Found-footage movies are hot, and superhero movies are hot, so I imagine Chronicle — a found-footage superhero movie — being an easy pitch to the studio. The surprise is how serious and emotionally true the film turns out to be. Chronicle follows three high-school boys who stumble upon some sort of glowing object down a deep, dark hole; their proximity to it gives them telekinetic powers. The events are videotaped by Andrew (Dane DeHaan), a mopey kid with a miserable home life. Andrew’s cousin Matt (Alex Russell) and the popular kid Steve (Michael B. Jordan) at first have fun with their newfound abilities, making things — and eventually themselves — float around. But things get dark fast. This amazing power has been delivered into the hands of three basically good kids, which is fortunate for us all, but Andrew is beginning to crack.

Spurred on by rage, grief and panic, Andrew begins to do dumb, destructive things.

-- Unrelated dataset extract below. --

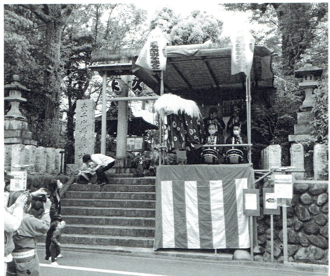
4月24日(日) 三年ぶりの産千代稻荷神社祭礼

Many in the audience may question why he doesn’t do this or that. In response I can only quote a nifty line from Stephen Hunter’s novel Dirty White Boys, describing a scared guy who freezes at a bad moment: “His mind was full of spiders and firecrackers.” Andrew is dealing with an alcoholic dad — a firefighter on disability — and a dying mom, whose much-needed pain meds his dad can’t begin to afford. This is stark stuff for a teenage superhero movie. It explains Andrew’s gradual transformation into a supervillain, and the good-hearted Matt and Steve, who have less complicated lives, try and fail to pull him back from his worst instincts. Why should Andrew try to do good — or try not to do evil — in this world? All it’s ever given him is pain.

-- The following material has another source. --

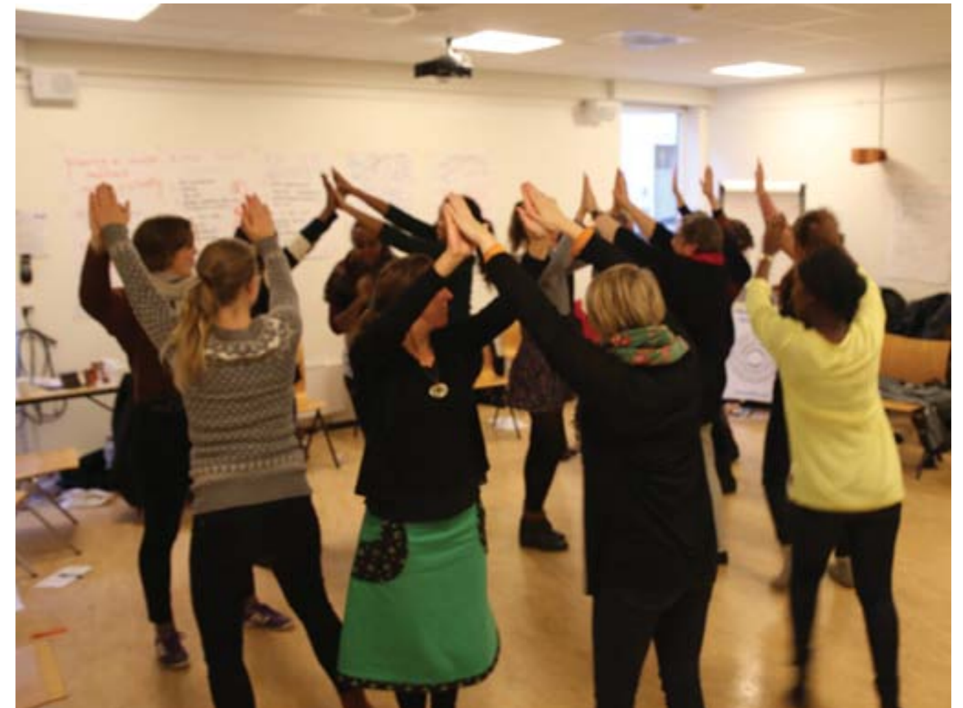
HIPP-workshop, november 2013

Chronicle was made for $15 million by two 26-year-old newcomers — director Josh Trank and screenwriter Max Landis (son of “Master of Horror” John Landis), who concocted the story together. It’s a fine calling card, with echoes of Akira as well as standard superhero-origin tales. Set in Seattle (but filmed primarily in Vancouver), the film looks glum and realistic — workable and believable soil out of which the fantastic can flower. The young actors swing from exuberance to fear with ease. After a while, Andrew’s camera is held aloft telekinetically so that we can see more; I wasn’t always convinced that the camera would be catching certain events so clearly, but by the climax, where the action becomes both exhilarating and terrifying, I didn’t much care.

The finale, indeed, makes a lot of what we’ve seen in much more expensive superhero films look stupid. Again, it’s all grounded in identifiable and intense emotions, with untold collateral damage that reminded me of the horrific destruction in an infamous issue of Alan Moore’s Miracleman comic. (If you’re familiar with it, you know what I mean; if not, don’t worry about it.) It’s the first movie since maybe Superman II that made me feel how frightening it might be to get caught between two gods in battle. Andrew, stooped over and burned and wearing a hospital gown, looks like an evil mutant, while Matt is Superman in jeans. The very end is a little facile, and points too eagerly towards a sequel, but that doesn’t seriously lessen the impact of a film that may well give this summer’s The Avengers — whose trailer before this movie already looks so been-there-done-that — a run for its (big) money.